Blockchain startup Sendsquare has been selected by the government to develop a proof-of-concept project for the nation, which has around 3.6 million people with diabeteshttps://www.diabetesatlas.org/upload/resources/material/20191218_144459_2019_global_factsheet.pdf, the company announced on Friday.

The startup will team with clinical experts and practitioners from Seoul's KyungHee University Medical Center to begin analyzing nine years' worth of diabetes clinical data previously collected by the center.

“Storing and collaborating work across a large volume of data using centralized services has proven unwieldy and subject to issues of data loss, duplication and manipulation," according to KyungHee Medical Center's Professor Suk Chon.

Sendsquare's blockchain "can help us to solve data storage problems, and in the long term help diabetes sufferers nationally,” the professor said in a press statement.

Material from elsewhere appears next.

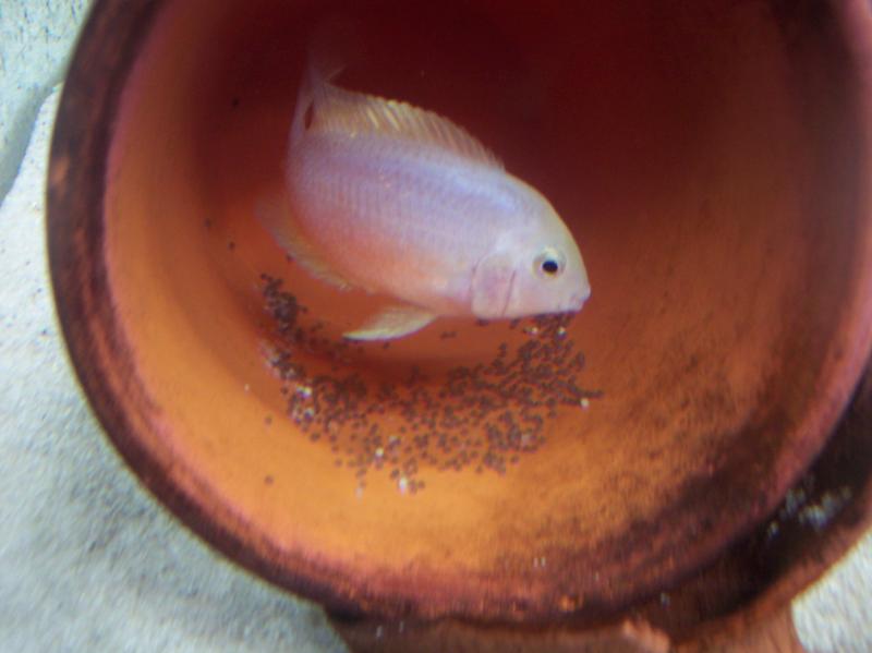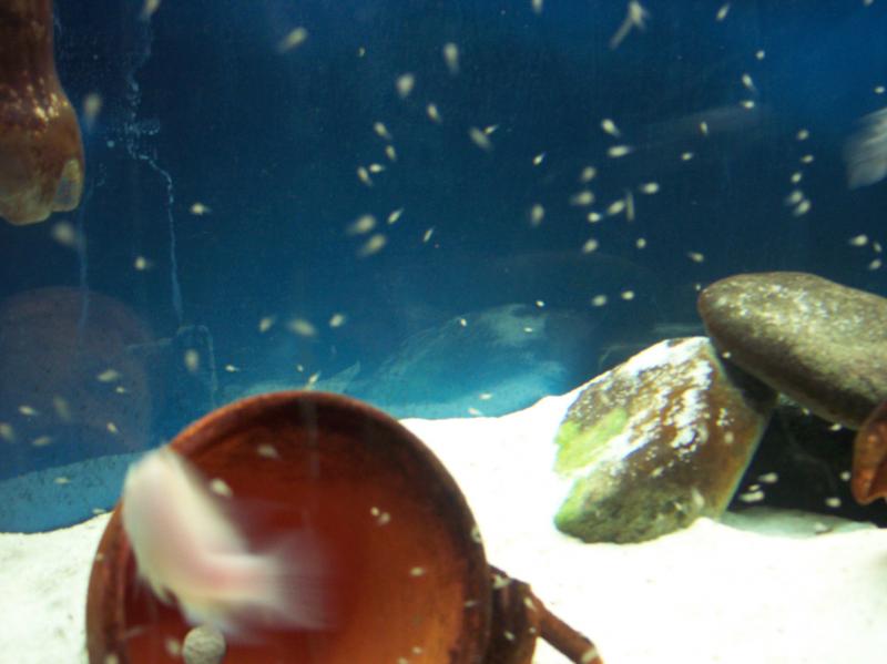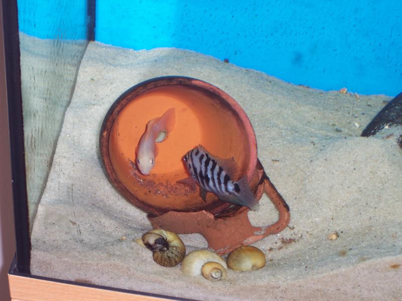 έχω μια γυάλα στα 125 λίτρα με εσωτερικό φίλτρο (juwel rio 125) πριν από 1 εβδομάδα περίπου είχα την πρώτη γέννα από convict. όλα ξεκίνησαν από πριν 10 μήνες περίπου όταν και έδιωξα όλα τα ζωντανά μου και κράτησα μόνο 3 convict μικρά περίπου 2 δάκτυλα μήκος (4 cm) , 2 θηλυκά και ένα αρσενικό και έναν πλεκο,το καλοκαίρι λόγο ζέστης δεν μπορούσαν να κάνουν χωριό ούτε κάποια γέννα λόγο υψηλών θερμοκρασιών (πάνω από 30 c ) και περίμενα να κρυώσει λίγο ο καιρός μπας και δω γεννητούρια ,ξέρω ότι τα κονβικτ μπορούν σε θερμοκρασίες από +18 μέχρι και +34 όμως για γέννα αυστηρά θέλουν μέχρι 26 με 27 θερμοκρασία . κάποια στιγμή όταν και έπεσε η θερμοκρασία κάτω από 30 έβαλα μια μικρή γλάστρα με τρύπα από πίσω (μικρή) έκανα σπηλιές με πέτρες και περίμενα. το ένα το θηλυκό (άσπρο) είχε μεγαλώσει ποιο πολύ από το άλλο δεν ξέρω γιατί υποθέτω ότι επειδή ταίριαξε με το αρσενικό και έκαναν συμμορία και δεν άφηναν το άλλο (το μικρότερο σωματικά) να έχει καλύτερη πρόσβαση στην τροφή που έριχνα, έτσι πριν από 8 μέρες περίπου είδα τα πρώτα αυγά μέσα στην γλάστρα (καμιά 100 αν δεν κάνω λάθος) και την άσπρη θηλυκια να τα αερίζει με τα πτερύγια της συνέχεια και όταν έκανε βόλτα για τροφή (που έριχνα εγώ) γυρνούσε εσπευσμένα στην φωλιά της με την βοήθεια πάντα του αρσενικού του οποίου δεν άφηνε να πλησίαση ούτε καρχαρίας σε ακτίνα 2 χιλιόμετρων. κάποια στιγμή τα αυγά έσπασαν και άρχισαν να φαίνετε οι ουρίτσες τους (μετά από περίπου 5 μέρες) και ήταν στο βάθος της γλάστρας και περίμεναν ,δεν ξέρω τι αλλά δεν το κουνούσαν ρούπι από εκεί και με την μάνα στην είσοδο και να τσαμπουκαλεβετε ακόμα και στον σύζυγο της . Σήμερα είδα τα μικρά να είναι έξω από τι γλάστρα και έχουν κολιση σε ένα άλλο πιθάρι που έχω στην είσοδο της γλάστρας με μπόλικη άλγη και τρέφονται εκεί . από ότι έχω διαβάσει στο ΝΕΤ δεν έχουν και ιδιαίτερο πρόβλημα τροφής τα νεογνά διότι τρώνε διαφόρους μικροοργανισμούς που υπάρχουν μέσα στην άμμο και όχι μόνο. μολις μεγαλωσουν λιγο τα νεογνα και δω οτι η θηλυκια ετοιμαστη για νεα γεννα θα βαλλω πολλα φυτα μεσα πλαστικα (για να μην τα φανε ) και πετρες επισης με πολλες κρυψωνες για να μπορεσουν να κρυφτουν απο τους γονεις διοτι αν γενηση παλι η θηλυκια θα ξεχασει οτι εχει και αλλο γονο μεσα και θα τα φαει . αυτο το συμπερασμα εβγαλα απο πολυωρη μελετη στο νετ παντα και με εμπειρειες αλλον συνχομπιστων . αν κανω λαθος σε κατι ας με διορθωσετε. |

The project will take an estimated six months to complete, with the initial objective to analyze the data working to anonymize it before finally implementing the data onto a registry which will be recorded on an unspecified blockchain platform.

After the blockchain application has been developed, Sendsquare will seek independent verification from Korea’s Telecommunications Technology Association (TTA).

Sendsquare is a blockchain startup responsible for the development of the South Korea-based FLETA blockchain which was previously charged with building a proof-of-concept network for the nation’s healthcare system.